Ensuite, la maison de Lethois, la veille. Dans la nuit, les branches ont pris l’aspect de petits traits minces tracés à l’aide d’un crayon dur sur du bristol. Tout près, il y a sur le sol un rectangle de lumière projeté par la lampe de Lethois. Thérèse interroge le mystère de l’ombre. L’ombre répond : « C’est lui !… » lui dont le pas sonore approche et qui vient l’emporter loin de ce pays où elle souffre, plus loin encore d’elle-même si lasse de souffrir ! lui, Servin !… si c’était vrai ?

Elle railla :

« Mais un curé parut… »

Puis elle se rappela qu’elle était vieille : trente ans.

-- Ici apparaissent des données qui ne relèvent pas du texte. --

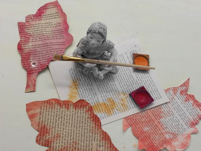 1Materialien für eine Herbstgirlande aus alten, zerliebten Buchseiten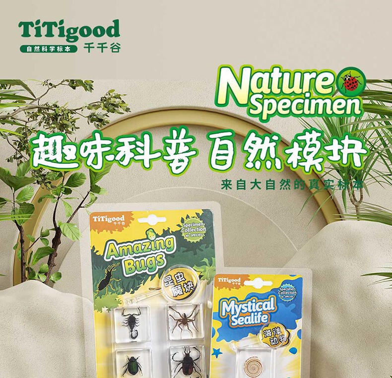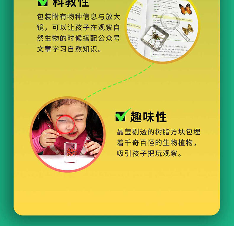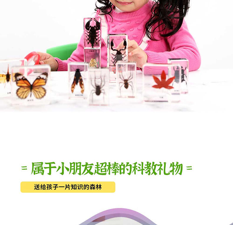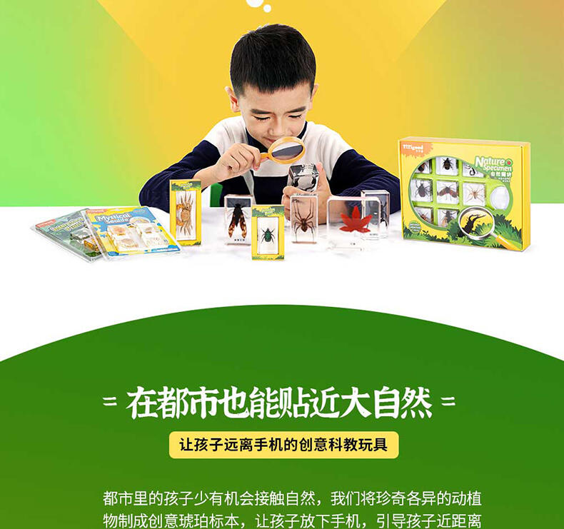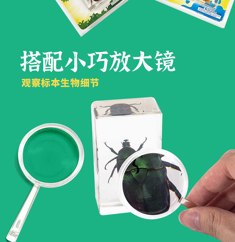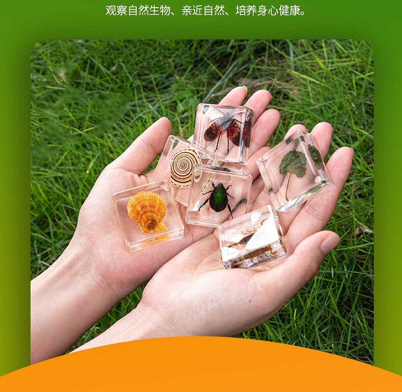 我们倡导“寓学于乐 玩中启蒙”的教育理念,选用来自大自然的真实动植物标本,配套通俗易懂的科普知识,引领孩子在观察与探索中,打开自然科学知识的大门。产品选用真实动植物标本,呈现生物自然原始的形态,给孩子真实的探索体验;使用安全无毒高透明树脂材质可清晰地观察到生物的每一个形态细节;每一个晶体都经过细致的手工打磨边角光滑,手感温润,可长久保存。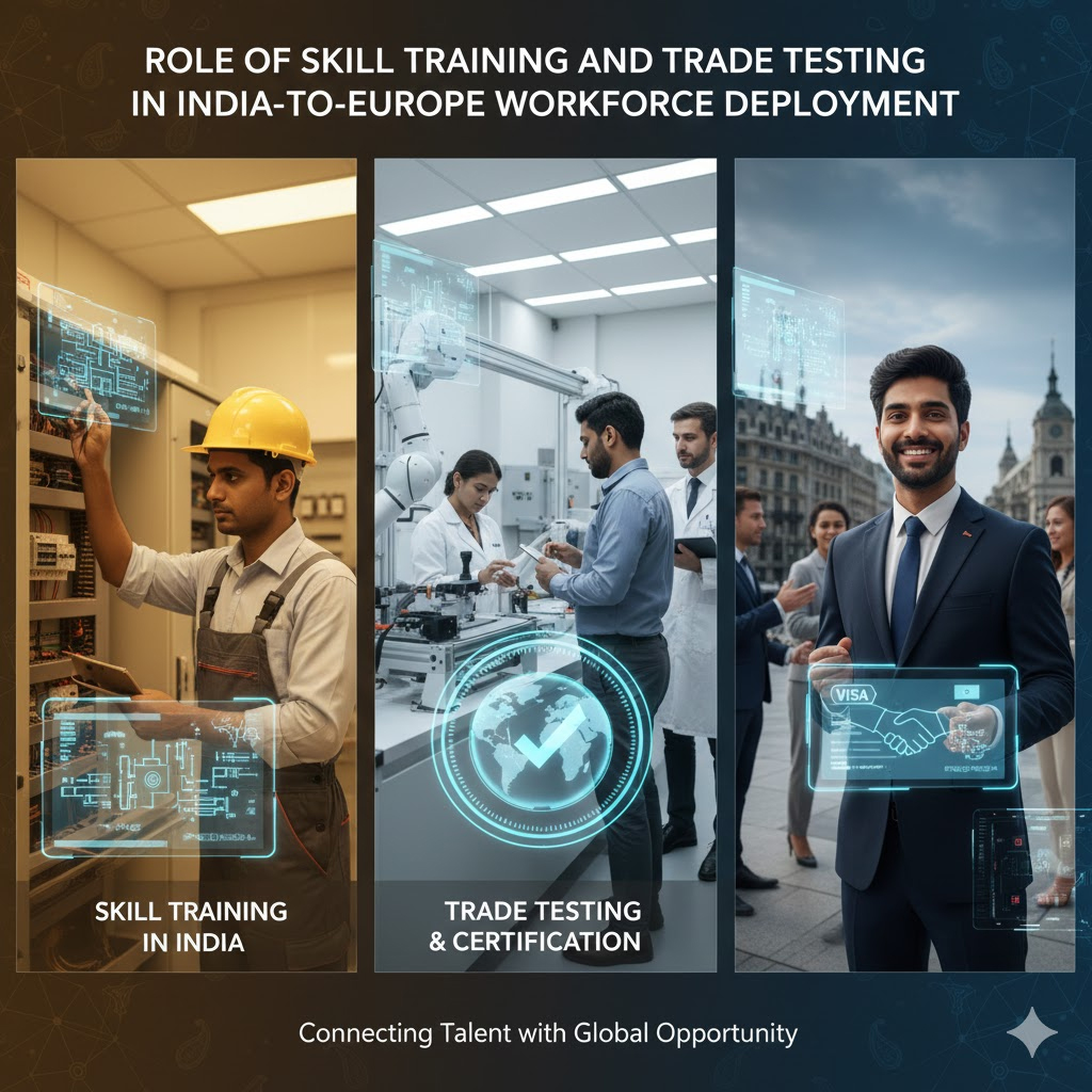 A major advantage of skilled manpower India to Europe recruitment is the availability of industry-standard skill training centers and trade testing facilities in India. These centers conduct theoretical and practical assessments to evaluate a candidateโs real-world skill level before placement.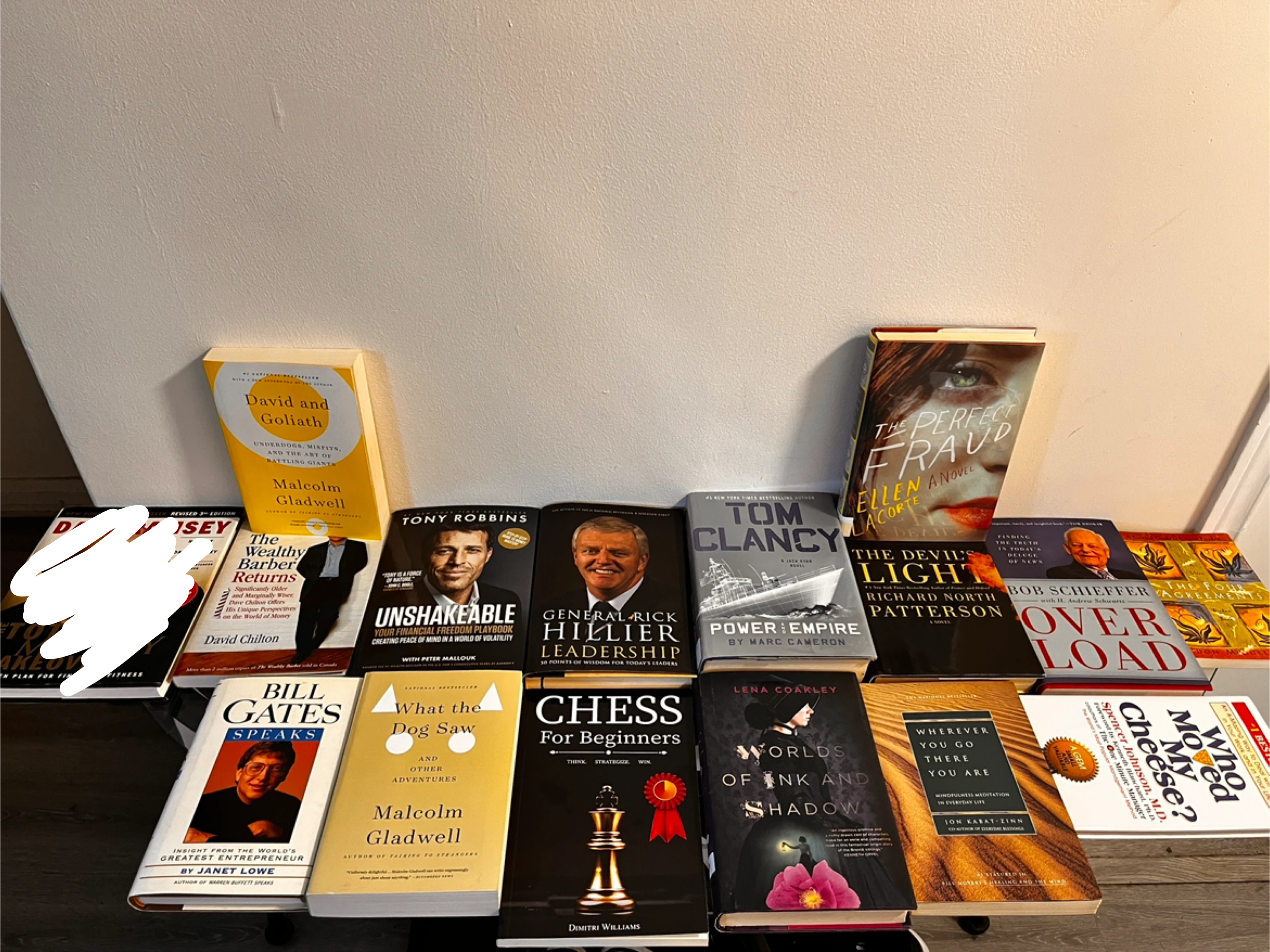 I Tony Robins is $15. Everything else is from $5-$10. Discount for multiple purchases. This lot includes a variety of books covering business, personal development, and fiction. It's a great collection for anyone.
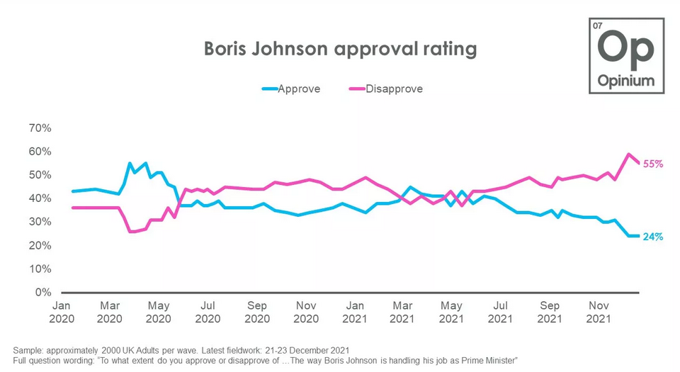 Secondo l’ultimo sondaggio di Opinium, pubblicato lo scorso week end, solo il 24% approva il modo in cui Boris Johnson sta guidando il paese, a fronte di un 58% di pareri negativi (risultato netto, -34%). Per fare un confronto, a metà gennaio 2021, mentre il Regno Unito raggiungeva il picco di morti giornalieri per Covid e il premier stata attraversando un altro periodo difficile in termini di consensi, il gradimento netto era -15%.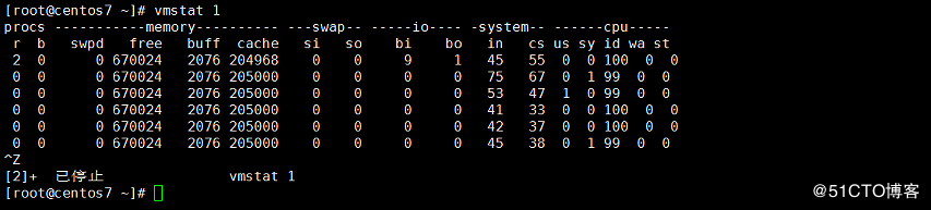 用vmstat 1来测试,#vmstat1命令:不停自动显示系统状态

Marc, de son côté, était parti en songe pour ce Paris où il avait hâte de rentrer. En avance sur les heures, il regagnait son logis. Quelle amertume d’arriver les mains vides ! Là-haut, sur le palier, une femme s’est avancée, se penche… Depuis le départ, elle guette le retour. « Enfin, c’est toi ! » Ils s’étreignent. Elle ne lui demande pas ce qu’il a fait ni pourquoi il semble découragé. Il est là : cette parente inconnue dont il avait parlé et qu’elle redoute ne l’a point gardé : cela suffit. Mais lui, empoisonnant la douceur de l’étreinte, cherche involontairement les ravages nouveaux. Ah ! l’horrible don que de pouvoir, presque à chaque heure, suivre le mal à la trace ! Les tempes depuis trois jours sont devenues plus creuses, le front plus moite. Dire qu’avec un mensonge, il aurait pu arrêter ce supplice ! Et cette idée bouleverse Marc : il en est temps encore ; quand il a quitté sa tante, celle-ci en guise d’adieu, lui a jeté cette supplication : « Dis-moi seulement que ce n’était qu’une épreuve ! » il n’aurait qu’à revenir… Mais non, une révolte culbute ces regrets et il s’interroge éperdu :

— Est-ce que je ne sais pas aimer puisque je n’ose pas mentir ?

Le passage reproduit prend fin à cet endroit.